Размер шрифта
-
+

Пастернак в жизни - стр. 57

И через минуту, куда-то вглядевшись:

– Нет, это не то!..

Образ за образом потекли из его души. Все в разрыве, все кусками, дробью, взлетами. И в другой раз, с мукой и тоской, воскликнул он, оскалив белые зубы, как у негра:

– Мир – это музыка, к которой надо найти слова. Надо найти слова!

Я остановился от удивления. Музыкант должен был сказать как раз наоборот: мир – это слова, к которым надо написать музыку, но поэт должен был бы сказать именно так, как сказал Боря. А считалось, что он музыкант. Я эти слова запомнил навсегда. И «кит» в Сокольниках стал мне ясен: это была попытка найти слова – свои слова! – к тихому плаванью облаков, к музыке предвечерних сосен, металлически чисто и грустно шумящих, перешумливающихся друг с другом на закате.

(Дурылин С.Н. В своем углу. С. 306–307)
* * *

…Не знаю, каким именно образом случай свел меня с писателем С.П. Бобровым, через него с поэтом Борисом Пастернаком. Пастернак покорил меня всем: и внешностью, и стихами, и музыкой. Через Боброва я познакомился и с Валерием Брюсовым, Федором Сологубом и другими тогдашними крупными литераторами. Раза два бывал в «Обществе свободной эстетики», где все было любопытно и непохоже на обычное. Однако все эти впечатления первого знакомства заслонило вскоре иное. Это была встреча с Владимиром Маяковским.

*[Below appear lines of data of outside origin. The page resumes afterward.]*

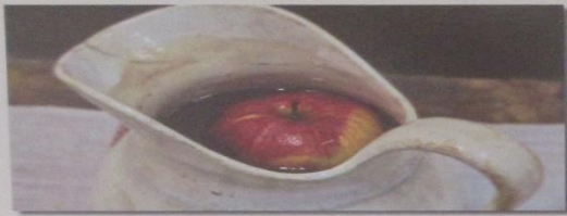
Karácsonyi alma a vizeskancsóban 2013

У исхрани је магичну функцију за обезбеђење доброг здравља код католичких Мађара имала божићна јабучка, а код православних Срба божићни колач – чесница. Заштитно својство су води за умивање давали Божићна јабучка или босиљак који се налазио у води од Буржевана, односно ако су приликом умивања бивали утрљавани у лице укућани (RADULOVAČKI 2003, – стр. 105). Још у оно време (током седамдестих година XX века, тамо где је био копани бунар) на Бадињак је убацивана једна црвена јабучка у бунар, а и приликом умивања је стављана у лавор јабучка. (НАВ АБОЊИ, 1999, – стр. 332) Код Мађара католика постоји обичај стављења јабучке у бокал, канту и лавор. У војвођанским етнографским студијама о обичајима и веровањима око Божићних празника има података и о присуству јабучке на трпези зарад осигурања здравља.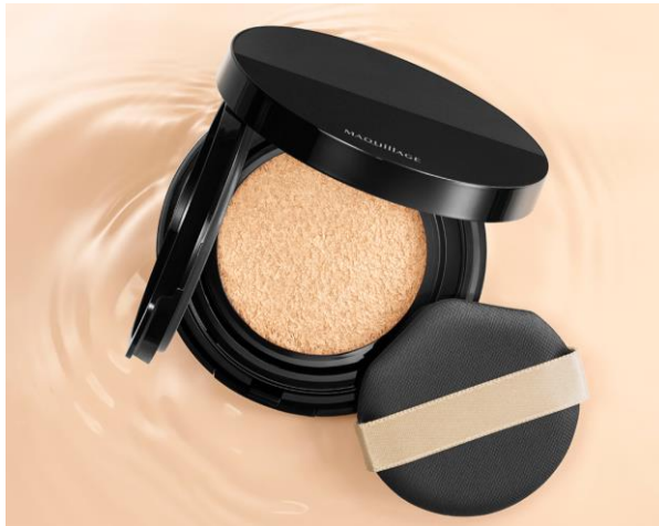
マキアージュ ドラマティックエッセンスクッション グロウ

※1 グリシルグリシン・グリセリン(整肌・保湿)、ウォーターリーキープエッセンス(ウォーターリリーエキス・スーパーヒアルロン酸(アセチルヒアルロン酸Na)・水溶性コラーゲン・グリセリン)配合(保湿)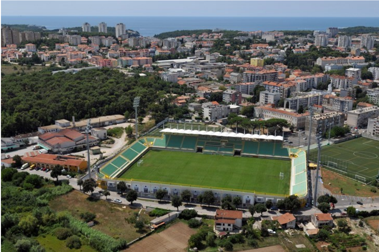
Slika 7: Stadion Aldo Drosina, Pula

Što se tiče navijanja, ultras grupa „Demoni“ se nalazi na sjevernoj tribini svih domaćih utakmica te povremeno bude i na gostovanjima. Među manjim ultras grupama su u Hrvatskoj te su usporedivi s „Kohortom“, koji su navijači NK Osijeka.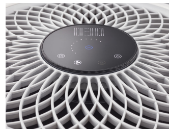
UVCA200 UV-C Floor standing air unit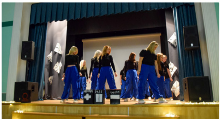
Fotokollaaž jõulueelsest viimasest koolipäevast Simuna koolis.

lapsed testida, kui korralikult nad oma hambaid harjavad.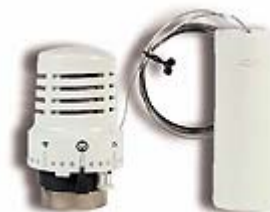
Термостатическая головка с выносным датчиком SE 148 SD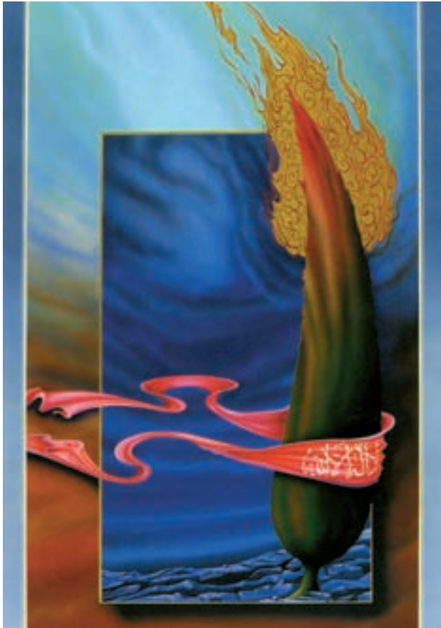
عروج، اثر مجید قادری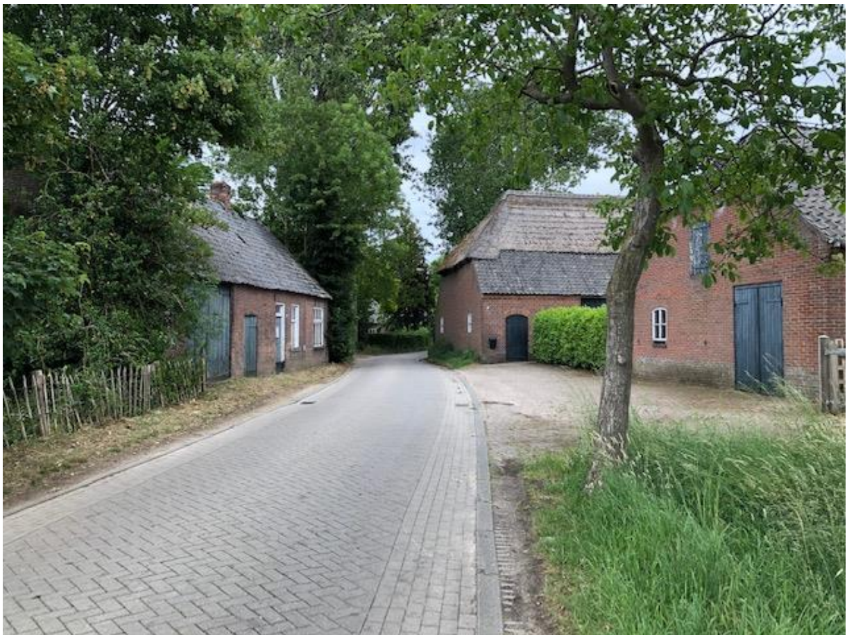
Project 'Cultuurhistorisch waardevolle buurtschappen in Het Groene Woud', dat is uitgevoerd in samenwerking met lokale heemkundeverenigingen. Op de foto buurtschap Flaas in Den Dungen.

Belangrijke partners van Monumentenhuis Brabant in dit verband zijn lokale heemkunde-verenigingen, dorpsraden en buurtcomités. Bij planontwikkeling waar leefbaarheid en sociale cohesie aan de orde is, gaan wij te rade bij de Vereniging Kleine Kernen of ZET.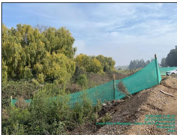
Figura 10: Medida de mitigación de malla raschel en Sector 1 aledaño a obras del Puente Puchuncaví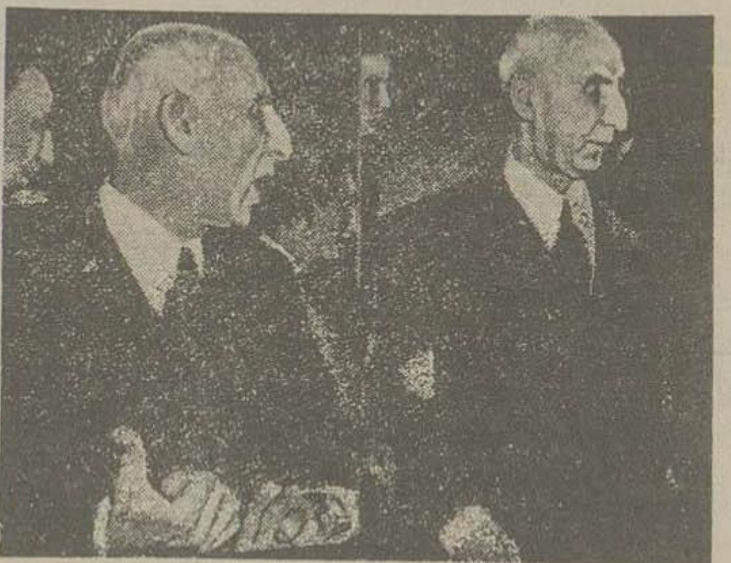
دو عکس از آقای دکتر مصدق در جلسات دادگاه لاهه

شما هم یادداشت کنید از موقیعه مدافعت ایران در دادگاه لاهه نزدیک بود بیابان برسند دکتر مصدق در هتل پالاس مراکش و کران جوابهایی بود که نمایندگان انگلستان قرار بود بدهند و بکلیه نمایندگان ایران میگفت که قسمت مهم کار شما در دادگاه نمایندگان انگلستان شروع میشود که نمایندگان انگلستان نطق های جوابیه خود را ایراد نمایند و با آنها توصیه میگرد که در دادگاه تمام هوش و حواس خود را بیاورند و با آنها نطق انتظار مشاهده کردند که نمایندگان انگلستان قبل از آنها آمده و مشغول فعالیت هستند. «سراریک بیگ» نماینده انگلستان بخصوص روی پیش بند نیشد اما اینطرف و آنطرف میرفت و حالت عصبی که داشت شدت پیدا کرده بود و شانه هایش بی اراده بالا و پایین میرفت وقتی نمایندگان ایران با تفاق رولن مشاور بقیه در صحنه چهارم

(Асеев Н.Н. Путь в поэзию // Асеев Н.Н. Стихотворения и поэмы. Л., 1967. С. 55)
* * *

Я снимал комнату с окном на Кремль. Из-за реки мог во всякое время явиться Николай Асеев. Он пришел бы от сестер С.[86], семьи, глубоко и разнообразно одаренной. Я узнал бы в вошедшем: воображенье, яркое в беспорядочности, способность претворять неосновательность в музыку, чувствительность и лукавство подлинной артистической натуры. Я его любил. Он увлекался Хлебниковым. Не пойму, что он находил во мне. От искусства, как и от жизни, мы добивались разного.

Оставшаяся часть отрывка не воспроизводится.